Exercise details. Only one stretch of the data should be retyped: the lines from the line containing "- Red and blue" through the line containing "為新進員工舉辦在職訓練時,講". Keep pictures out of it.

Data for analysis.

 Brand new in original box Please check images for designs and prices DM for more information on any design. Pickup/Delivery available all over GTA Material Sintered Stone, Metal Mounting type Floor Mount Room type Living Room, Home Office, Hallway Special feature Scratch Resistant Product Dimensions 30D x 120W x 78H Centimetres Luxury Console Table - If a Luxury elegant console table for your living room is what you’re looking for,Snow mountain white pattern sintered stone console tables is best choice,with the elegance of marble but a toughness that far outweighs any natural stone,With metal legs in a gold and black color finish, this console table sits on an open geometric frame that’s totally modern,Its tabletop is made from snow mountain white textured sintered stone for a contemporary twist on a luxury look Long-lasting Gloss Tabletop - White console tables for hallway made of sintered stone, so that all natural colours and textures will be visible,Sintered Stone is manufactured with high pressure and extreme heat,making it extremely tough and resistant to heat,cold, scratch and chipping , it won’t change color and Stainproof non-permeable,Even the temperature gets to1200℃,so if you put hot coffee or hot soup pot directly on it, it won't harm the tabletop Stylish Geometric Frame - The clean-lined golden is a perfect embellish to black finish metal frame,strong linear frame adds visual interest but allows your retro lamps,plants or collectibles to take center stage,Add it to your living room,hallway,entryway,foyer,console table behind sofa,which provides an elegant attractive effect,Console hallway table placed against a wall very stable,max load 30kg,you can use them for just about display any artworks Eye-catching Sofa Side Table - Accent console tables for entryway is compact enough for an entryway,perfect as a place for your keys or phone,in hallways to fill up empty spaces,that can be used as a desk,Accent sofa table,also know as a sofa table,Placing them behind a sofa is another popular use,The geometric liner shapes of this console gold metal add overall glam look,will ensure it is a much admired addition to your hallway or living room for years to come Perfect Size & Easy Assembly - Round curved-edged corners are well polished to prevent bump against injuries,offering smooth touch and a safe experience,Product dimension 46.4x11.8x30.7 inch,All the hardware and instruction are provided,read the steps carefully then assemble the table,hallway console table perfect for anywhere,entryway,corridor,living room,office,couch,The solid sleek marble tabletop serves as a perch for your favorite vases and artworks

---

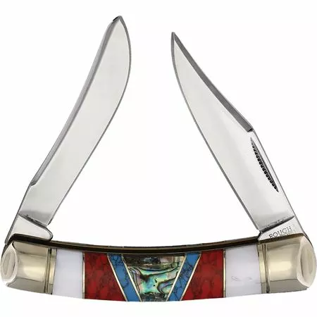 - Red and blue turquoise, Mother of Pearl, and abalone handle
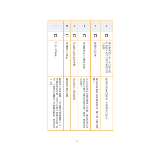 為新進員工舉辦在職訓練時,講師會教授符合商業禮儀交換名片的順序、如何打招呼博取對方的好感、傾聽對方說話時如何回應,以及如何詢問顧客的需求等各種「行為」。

Solution to the exercise.
 - Red and blue turquoise, Mother of Pearl, and abalone handle
 為新進員工舉辦在職訓練時,講師會教授符合商業禮儀交換名片的順序、如何打招呼博取對方的好感、傾聽對方說話時如何回應,以及如何詢問顧客的需求等各種「行為」。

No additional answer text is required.